February 10, 2014 at 5:35 pm | In Environment, Transportation, West Seattle news | 23 Comments

Almost exactly seven years ago, the Admiral Safeway gas station added biodiesel with pomp, circumstance, and even participation by then-Mayor Greg Nickels. It was the company’s first location in the nation to offer the part-vegetable-oil fuel mix. Now, the alternative fuel has been dropped.
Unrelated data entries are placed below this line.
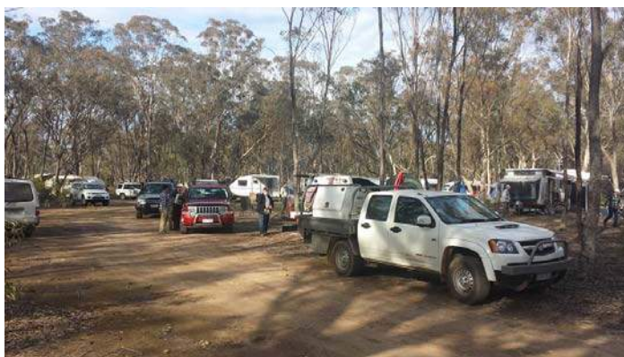
The scene around the camp.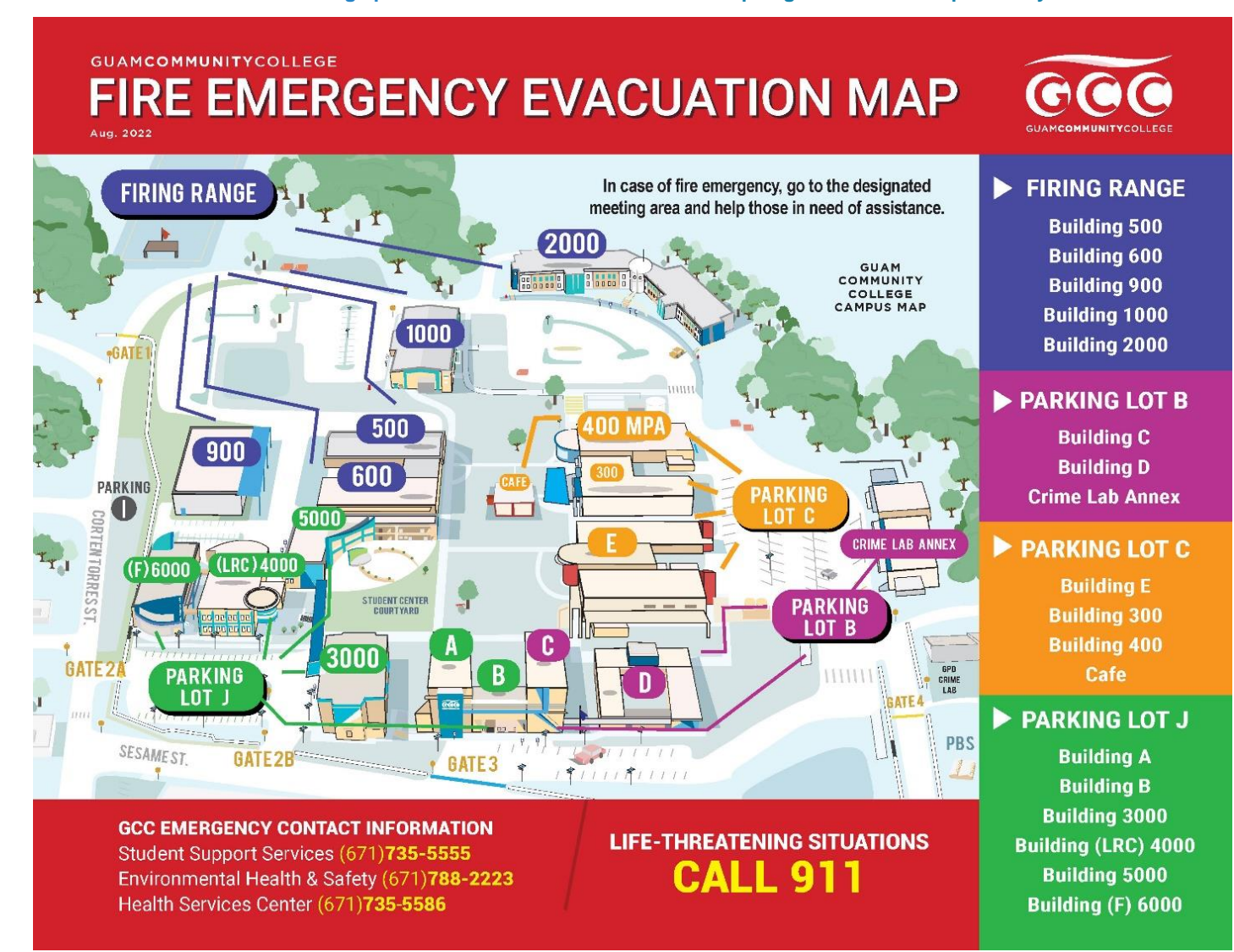
Figure 4. The Fire Emergency Evacuation Map is posted throughout the campus for students and employees' information, such as classrooms, labs, auto and carpentry shops, Learning Resources Center, Student Center, Health Services Center, Book Store, employees' offices, GCC café, Student Lounge, conference rooms and other meeting spaces. It is also available online at https://guamcc.edu/CampusSafety.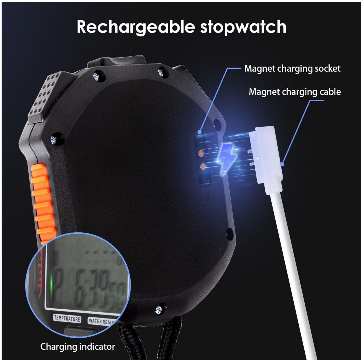
Figure 4.1: The stopwatch connected to its magnetic charging cable.

Before first use, fully charge the stopwatch. Connect the magnetic charging cable to the charging socket on the side of the stopwatch and the USB end to a power source (e.g., computer USB port, USB wall adapter). The charging indicator on the display will show charging status.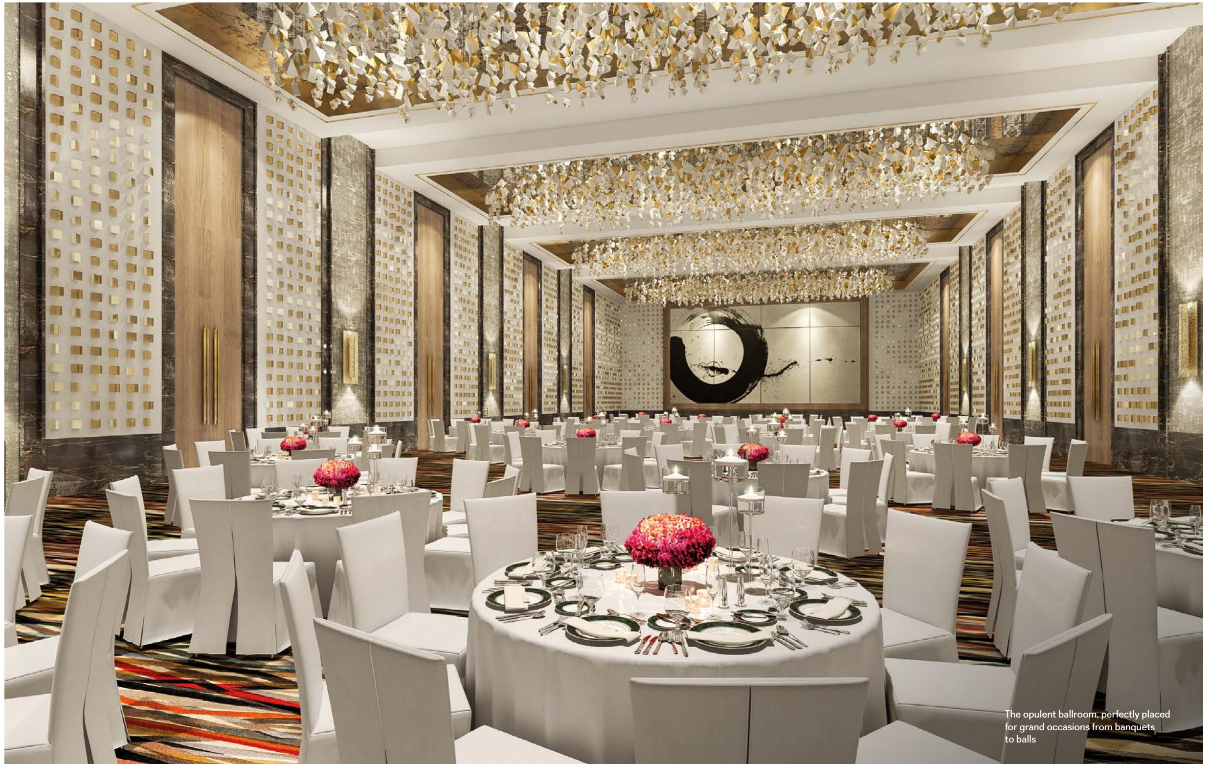
The opulent ballroom, perfectly placed for grand occasions from banquets to balls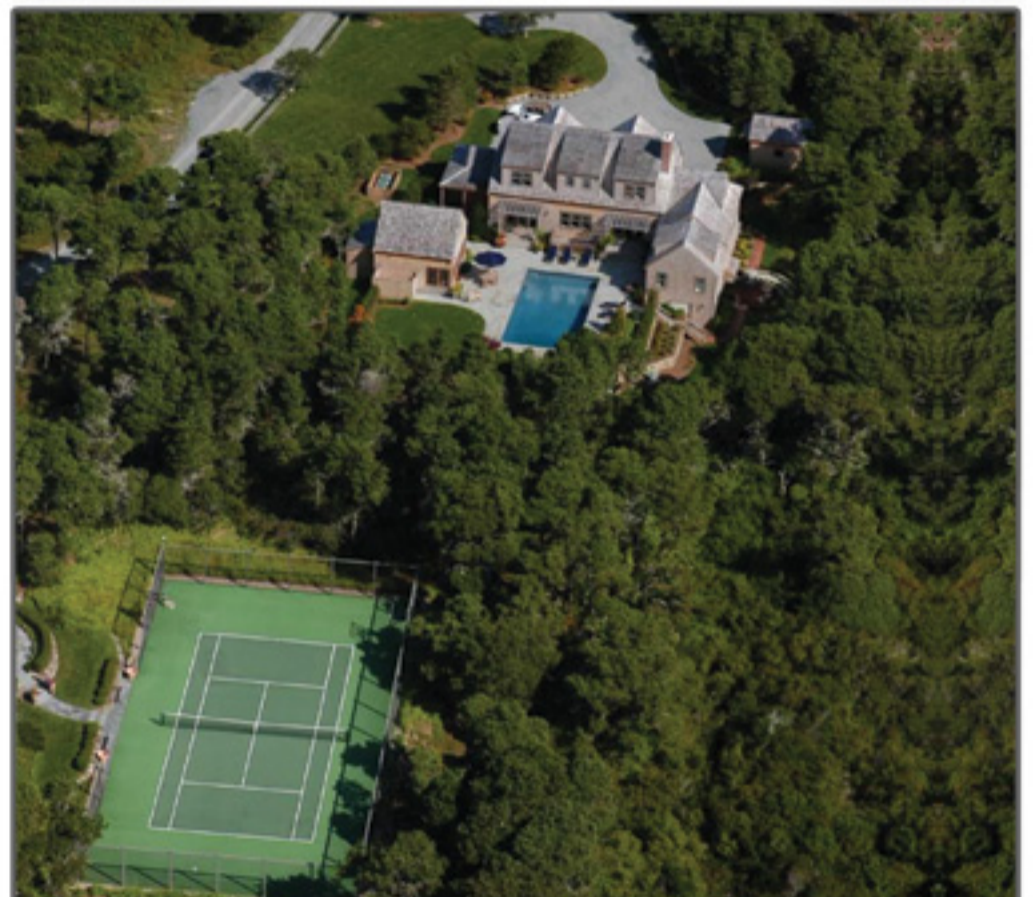
SURFSIDE 3 Pochick Avenue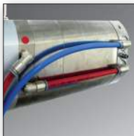
XWT-300-CT Plus with new cooling circuit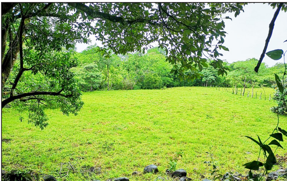
A piece of land in Panama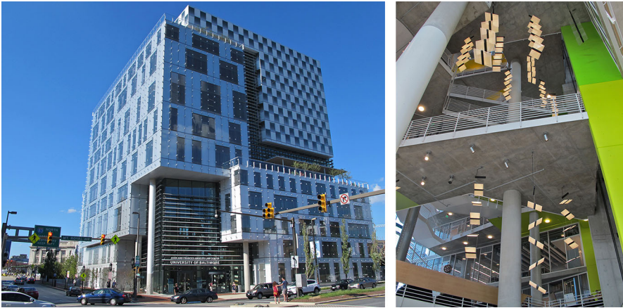
Fig. 1 Exterior (left) and interior (right) of the John and Frances Angelos Law Center.

exchanging ideas well beyond the time allotted for coffee breaks, the main hall and inner courtyard were also sites for spontaneously held math-art workshops.

We found out from WSB reader Jay F, a biodiesel user, and checked with regional Safeway spokesperson Sara Osborne, who confirmed it via e-mail late today, explaining: “Simply stated, there was no longer enough demand to justify the investment..” That leaves the Propel Fuels mini-station at 35th/Barton, which offers B20 and B50, and Hans VW at 35th/Graham, which offers B100. (WSB photo from February 2007 – check those prices!)
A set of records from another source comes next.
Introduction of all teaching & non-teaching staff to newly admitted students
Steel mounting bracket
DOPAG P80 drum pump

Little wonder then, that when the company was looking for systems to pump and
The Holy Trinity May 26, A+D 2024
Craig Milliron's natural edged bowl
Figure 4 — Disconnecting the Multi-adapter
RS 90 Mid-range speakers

  1. Wow, sure would take those gas prices over today’s! Then again, I’d take 2007′s POTUS over today’s, too. Remember when gas prices were all the press would talk about?
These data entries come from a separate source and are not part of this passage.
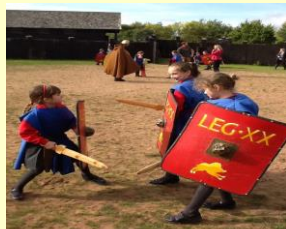
Juniper Visit to Hunt Fort

26 th November (Sunday) - The Feast of Christ The King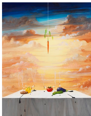
George Condo The Life We Love, 2004.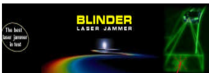
Blinder M27 & M47 Laser Jammer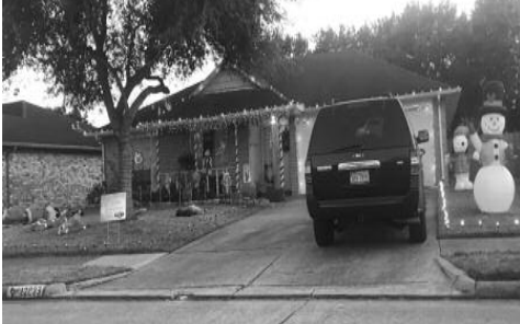
Section 1 - 12823 Newberry St.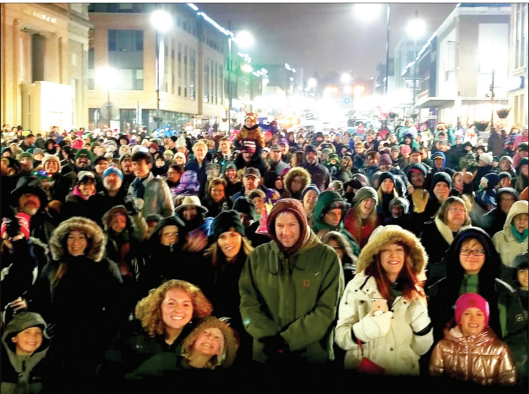
A cheerful crowd awaits the big tree lighting moment at the 2021 Christmas Open House in downtown Minot. This annual tradition has brought joy to generations of Minot citizens and continues to draw thousands each year in the name of holiday spirit.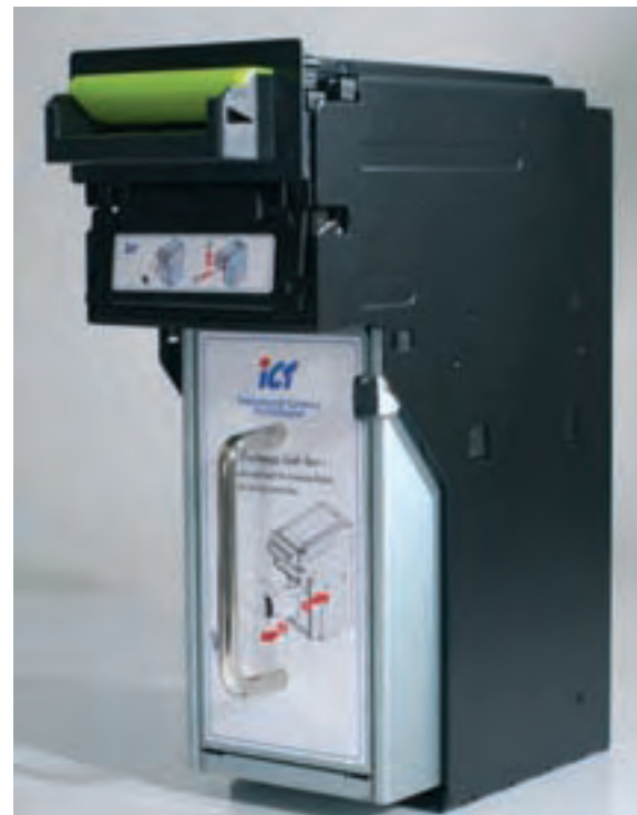
"J830", J Series

    Comment by Pete — 6:15 pm February 10, 2014 #

  2. I’m not up on the various types of diesel. So, will Safeway be selling diesel, just not bio diesel?

    Comment by Meg — 6:39 pm February 10, 2014 #

  3. Maybe there’s no market for it because everyone who really cares knows that gas/diesel/electric cars all do the same damage to the environment?

    Comment by Nobody — 6:47 pm February 10, 2014 #

  4. How do electric cars do the same damage to the environment as gasoline vehicles?

    Comment by Chris — 6:57 pm February 10, 2014 #

  5. Pete,

    Gas prices were low in 2007 due to the lousy economy crimping demand, thus lower prices.

    Comment by Robert — 7:06 pm February 10, 2014 #

  6. Pete, that brings back a wave of nostalgia … for some reason we drove around every Sunday night in WSB’s first years, compiling a report on gas prices. Then it just didn’t seem to matter any more …

    Comment by WSB — 7:06 pm February 10, 2014 #

  7. Well, Chris, how about the fact that the vast majority of electricity in this nation comes from coal? Oh! You counter that our electricity comes from glorious-endless hydropower! Well, how about the forests starved of nutrients due to lack of salmon carcasses? Who about the loss of livelihood for fishermen and native tribes? The fact is, all cars are equally destructive, be they gas, diesel, electric, or hybrid. The notion of an “environmentally friendly” car is a LIE perpetuated by the auto industry and fake “environmentalists” who think they can have their cake and eat it too.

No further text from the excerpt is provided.